The differences only continued from there, big and small alike. It was exciting to recognize the things we had learned in our culture course alive and in practice around us—the way my sister and I observed and employed daily, educational, and restaurant etiquette among others was heavily lifted from CulturaGo. We also acknowledged the differences in the more put-together and businesslike everyday fashion, the ease and punctuality of public transit, and the overwhelming walkability of the country as a whole. Most common of all, we bowed (a lot)!

Alysse walking down a colorful Osaka street as she heads towards the train station to go back to Tokyo.

My sister, Holly, in particular, was eager to make use of Japan’s overarching and easily-accessible public transport as we learned about it through our course. I credit her with setting up our best adventures, ones that took us easily from Tokyo down the length of Japan’s main island of Honshū. We visited multiple traditional homes, the cat island of Enoshima, Kyoto’s famous bamboo forest, Fuji-Q amusement park, Universal Osaka, the hot springs in Hakone, too many karaoke and arcade places to count, and then some.

Holly taking pictures in the bamboo forest of Kyoto.

Getting ahead in classes

Amidst all this, of course, we were studying, and required to do at least seven hours of Japanese classes a week. The CulturaGo course ended up even coming in handy here, as it introduced me to some vocabulary that was not only useful in daily life, but my classes too. Learning a lot in a relatively short amount of time, it was easy to get overwhelmed. There were a lot of longer words that I couldn’t seem to memorize, but there was one that I don’t think I’ll ever forget now. “Jidouhanbaiki” (自動販売機), a word meaning “vending machine” that I learned during my CulturaGo lessons, popped up in one of my quizzes at Waseda University. Having a head start caused this word to stick in a way I never expected it to, but I’m very proud and happy that it has.

A worthwhile and full experience

As my time in Japan began to draw to a close at the end of the summer, that uncomfortable but reminiscent feeling of “where did the time go” began to gnaw at me. Even now, safely back home in Virginia, I still feel it.

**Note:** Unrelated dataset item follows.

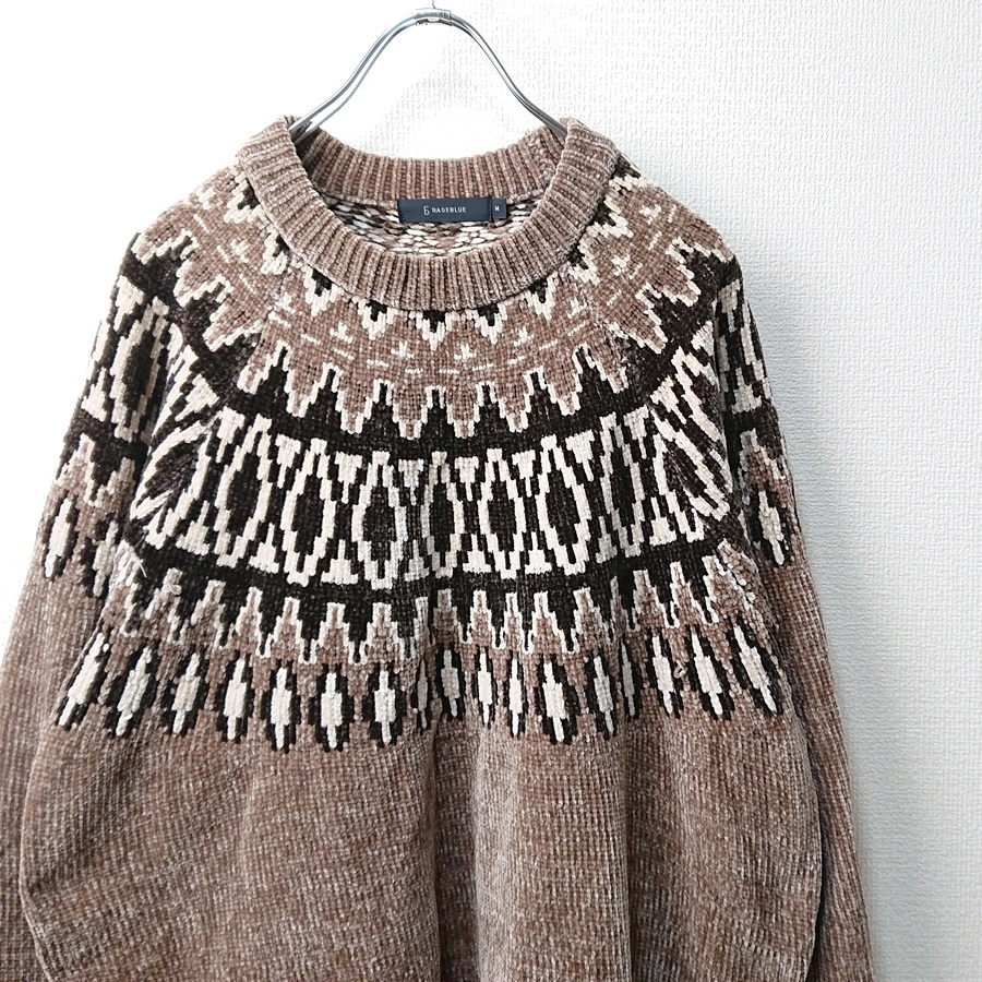 - RAGEBLUE レイジブルー ノルディック クルーネック ニット ポリエステル ブラウン sizeM 美品

To the fullest extent, I had wanted to get to know Japanese culture as close as possible to the same way I knew my own, and with the help of CulturaGo, I truly feel like I did. The connections I made overseas and the wonderful people whose acts and words of kindness have touched my life are a testament to that, and I know that these things will stay with me forever.



We hope Alysse's story is only the first of many to come and look forward to soon hearing more from our course learners about their experiences abroad.